António Bragança afirma que está em Roios "a palmeira mais alta de Bragança". Mais, adianta a sorrir e a fumar, "deve ser a aldeia com mais guardas da GNR" porque ali vive uma dezena (dois reformados). Talvez seja por isso que "aqui não se vê ninguém à boa vida" e, acrescenta com orgulho, se "pode deixar o carro aberto 24 horas sobre 24 horas que não aparece gatunagem". Na boa tradição transmontana, "as pessoas são muito dadas" e, "quando as primeiras coisas surgem" nas hortas - "tudo biológico", enfatiza o pastor - "dividem-se por todos".

"Não é fácil viver aqui, há poucos eleitores", conta Augusto Samorinha, enquanto vai cortando cachos de uvas moscatel com um canivete e atirando os bagos estragados para um balde. Serralheiro de profissão, que "antes fazia portões, grades" e agora "vai fazendo" o que pode nos terrenos deixados pelo pai, este natural de Roios "gosta da aldeia" e da qualidade de vida que lhe oferece. Além disso, assinala o agricultor na casa dos 60 anos, "agora há muita mocidade".

Sebastião Cordeiro Pastor, dono do Café Caçador e que agora vive da agricultura, recorda o tempo em que veio de Luanda com a mulher, Guilhermina. Era 1975 "e faziam-se duas equipas de futebol, solteiros e casados... agora só em agosto é que isso acontece, no resto do ano nem uma equipa" se forma com os habitantes de Roios.

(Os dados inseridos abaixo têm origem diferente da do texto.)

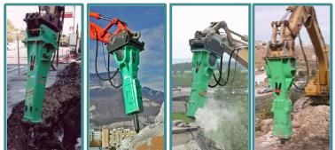 其二為國際著名鑿巖設備公司, 法國蒙特貝公司的液壓破碎錘,和挖掘機配套使用的鑿巖鉆機具, 見圖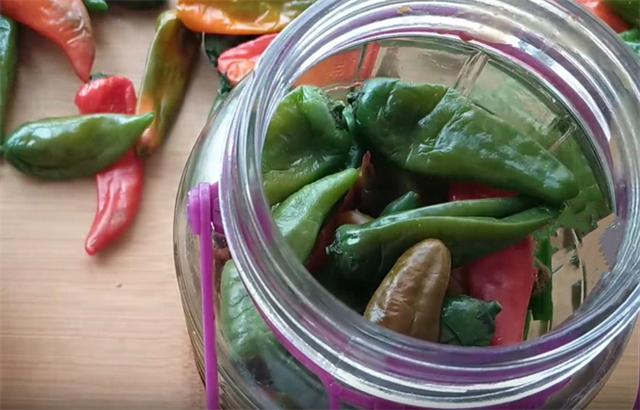 7.然后我們準備一個無水無油的罐子,把晾涼的辣椒放入,罐子中放一層辣椒,放一層芹菜,然后再加入適量的醬汁,這樣能夠使味道腌的更均勻,放入辣椒的時候,用手用力按壓一下,使其更加緊實,這樣能夠放入更多的辣椒。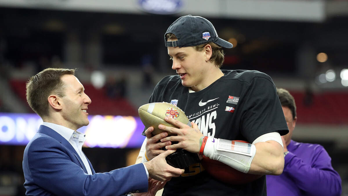 Burrow was slow getting up after being blindsided by 313-pound defensive lineman Joey Connors on an interception return for a touchdown in the first quarter. LSU's junior quarterback returned to the game and picked apart UCF's secondary, hitting 21 of 34 of passes, including two touchdowns to Justin Jefferson.
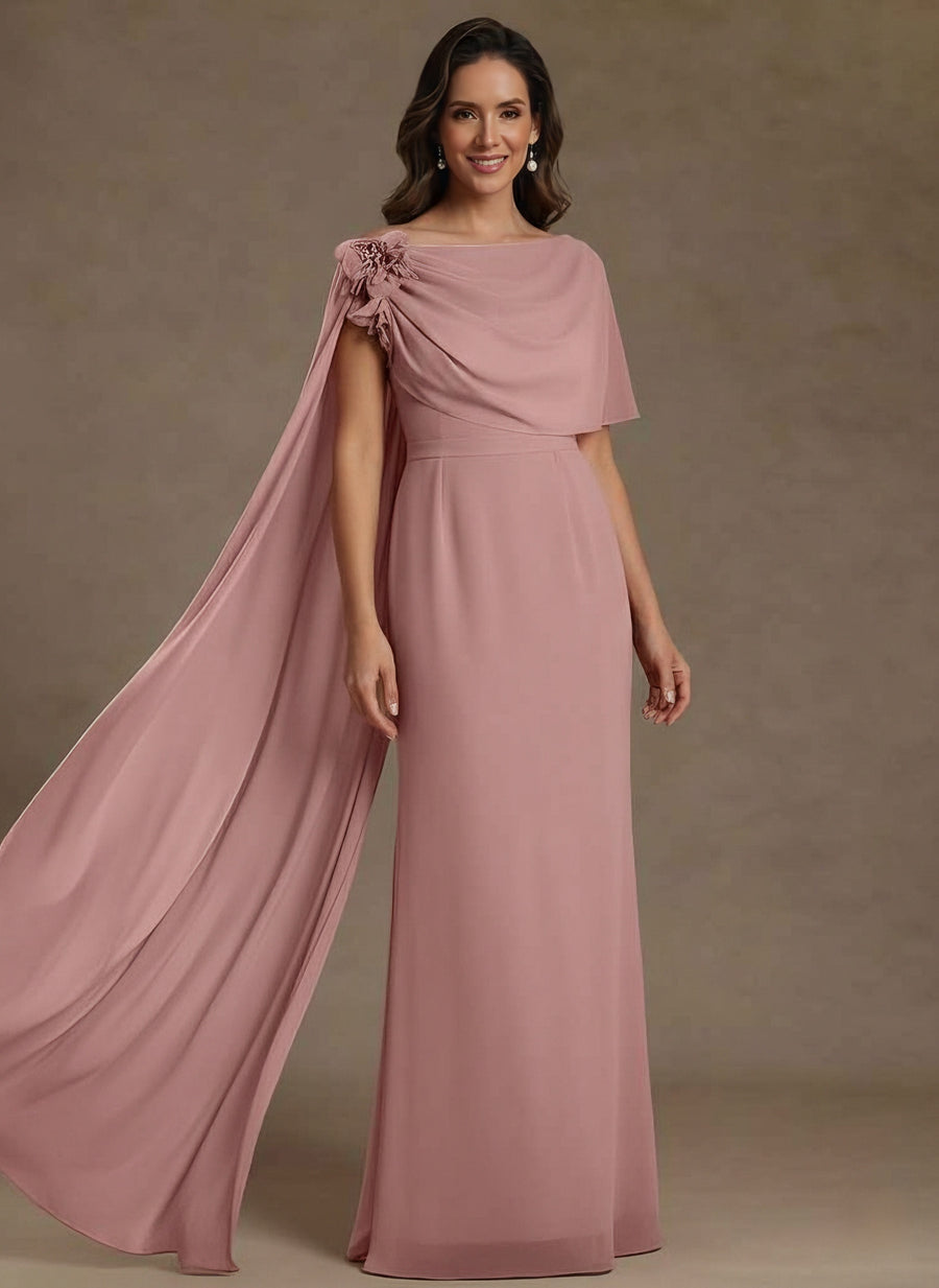 Sheath/Column Cowl Neck Chiffon Mother of the Bride Dresses with Watteau Train Floor-Length Flower Sleeveless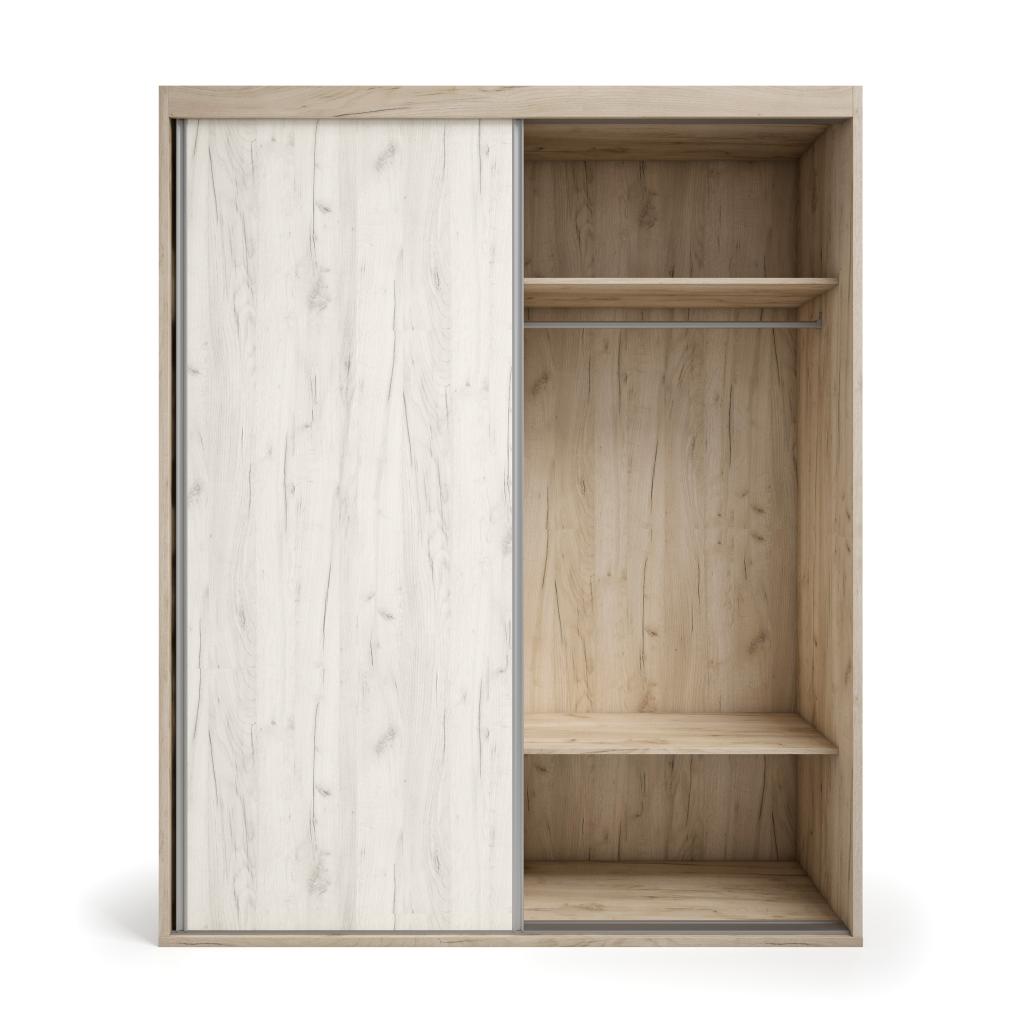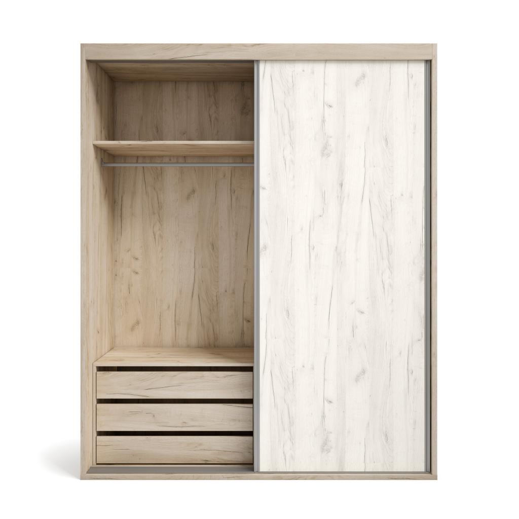 Rebajas Oferta Novedad Armario en Nordik Ref: 098801000576 499,99 € Armario de 2 puertas correderas de 180 cm. de ancho. Interiores en roble nordik. Incluye 2 barras, 2 estantes altillo y cajonera..Composición: Tablero de partículas, tablero de fibras, lámina de papel, borde de plástico. Disponibilidad: Color Nordik Tamaño 180x220x60 cm Ancho x Alto x Fondo Cantidad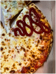 Close-up of a cheesy pizza topped with a zigzag of ketchup, showcasing melted cheese and crispy edges.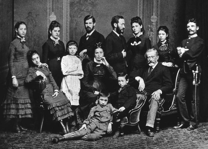 6. Амалия и Якоб Фрейд с детьми. Двадцатилетний Зигмунд в центре, смотрит в камеру, сводный брат Эммануил повернулся к нему спиной. В этом же ряду (слева направо) сестры Фрейда Паулина, Анна, Роза и Мария, а также кузен Амалии Симон Натансон. Ниже сидят сестра Фрейда Адольфина и их родители. Мальчик в кресле – вероятно, брат Фрейда Александр. Другие дети неизвестны. Около 1876 года.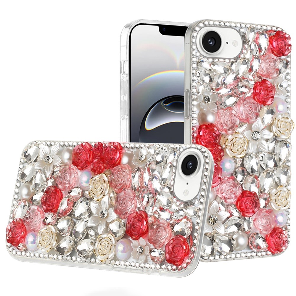For iPhone 16E / SE4 Rose Flower Full Diamond Bling Stones - Red
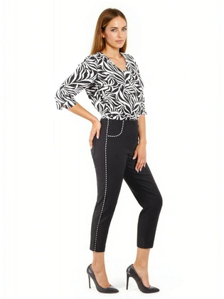 Liczba produktów: 128Spodnie damskie, czarne dopasowane spodnie rybaczki z ozdobnymi zamkami, duże rozmiary 34874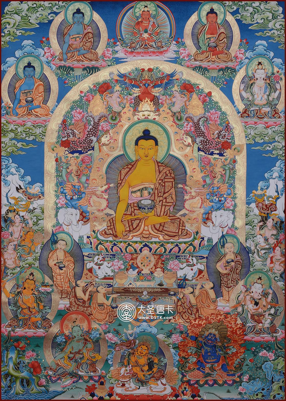 產地:熱貢 工藝:彩唐 創作年份:2017 題材:佛祖 繪制時間:15月 尺寸:*80*108cm 裝裱:無裱 材質: 使用場地:走廊

António Bragança confirma que "há rapazes novos", mas fica por se saber se isso corresponde a uma inversão na tendência de decréscimo populacional que a freguesia registou em três décadas sucessivas (1981 a 2011) - o que sucede pela primeira vez em século e meio. Isso é verificável na tabela do Instituto Nacional de Estatística (via Wikipédia) sobre a evolução do número de habitantes em Roios, que começa em 1864 e acompanha a sua progressão em períodos de 10 anos - sendo registada todos os anos uma anomalia no mês de agosto decorrente da presença massiva dos emigrantes em férias.

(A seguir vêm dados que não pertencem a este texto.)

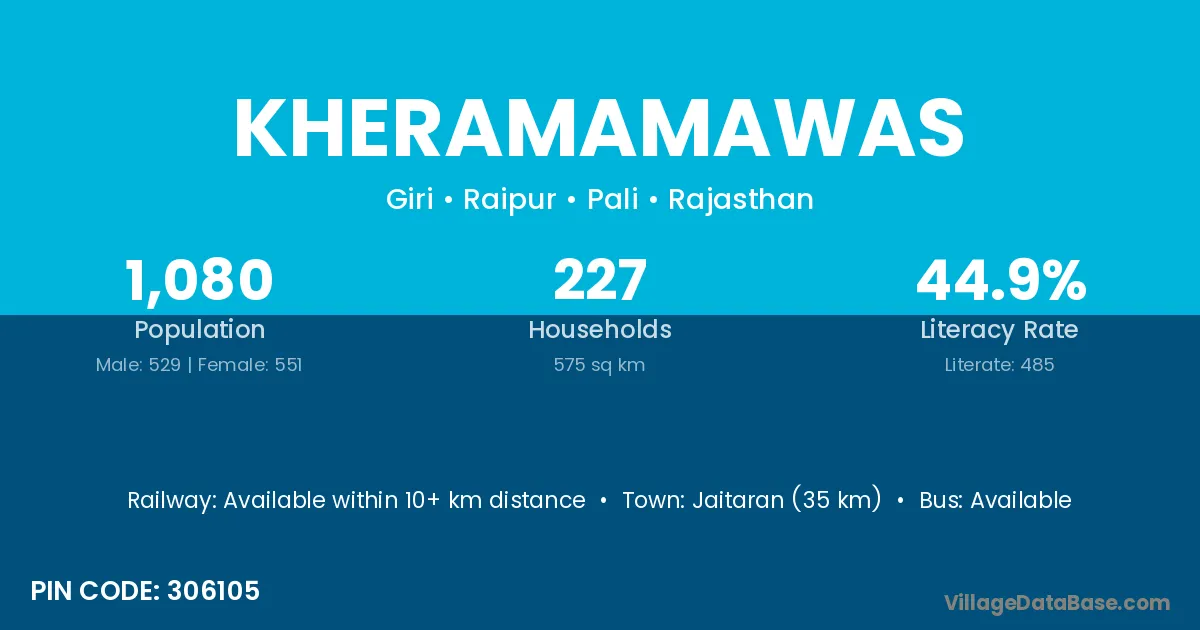 Jaitaran (35 km) is the nearest town to Kheramamawas village for major economic activities and is located approximately 35 km away.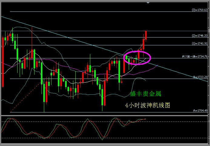 4小时波神凯线图,昨天从开门第一线上升到3线,收于3线下,即是收于1758,短线看涨,中线看涨,支持位1745-1735-1715,压力位1765-1780-1790.

Em matéria de saúde, "apesar de estarmos desterrados aqui para cima", Sebastião Cordeiro dá uma garantia: "Não tenho medo de ter um problema de saúde." Para isso contribui, além do serviço de urgência em Vila Flor (aberto até às 20.00), a visita regular de uma carrinha de cuidados médicos e a ida semanal de uma enfermeira ao centro de dia, explica. Já no que respeita ao emprego, a dificuldade parece residir no plano das expectativas não realizadas dos mais novos.

António Bragança diz ser "pastor com orgulho desde os 14 anos" e que "não tem feriados nem domingos nem nada". Mas acrescenta que são poucos os jovens a trabalhar na agricultura, estando a quase totalidade nas freguesias vizinhas - como são os casos da mulher, da filha e do genro de Augusto Samorinha, com empregos na sede do concelho.

No Café Caçador, à entrada da aldeia e com vários clientes à hora de almoço na esplanada, Sebastião Cordeiro desabafa: "A nível local olharam sempre mais para os analfabetos... o meu neto, se tivesse dado as habilitações que tem, não entrava" para a cadeia de distribuição onde trabalha há cinco anos (em Vila Flor), a troco do salário mínimo. Com três filhos a viver noutras zonas do país, o comerciante assinala que Edi Neves, licenciado em Arte e Design, "foi o que mais estudou e é o que está pior".

O mérito do neto, na ótica dos avós, é tanto maior quanto "andou anos a meter massa na betoneira" que Sebastião Caçador usava na construção civil e depois "saiu com 18 e 19" da faculdade, comenta Guilhermina Pastor.

Rita Borges diz que em Vila Flor "há emprego e bastante" mas, essencialmente, "em cafés e restaurantes". Enquanto coloca o bebé na parte de trás do carro, a jovem que ali vive há oito anos conta que vai "tendo emprego na agricultura" (leia-se vindimas) em Roios "e num lagar de azeite" na aldeia vizinha de Nabo (o de Roios já não funciona).

Para essa mobilidade de que Rita beneficia ajudam as boas acessibilidades de Roios, onde o Centro de Dia da Santa Casa da Misericórdia de Vila Flor funciona como o principal empregador da freguesia. Além dos serviços públicos e das empresas na sede do concelho, a fábrica da Frize (na freguesia vizinha de Sampaio) e uma empresa de resíduos sólidos constituem outras fontes de magro sustento para os habitantes da freguesia. "É assim a vida dos pobres", remata Sebastião Caçador.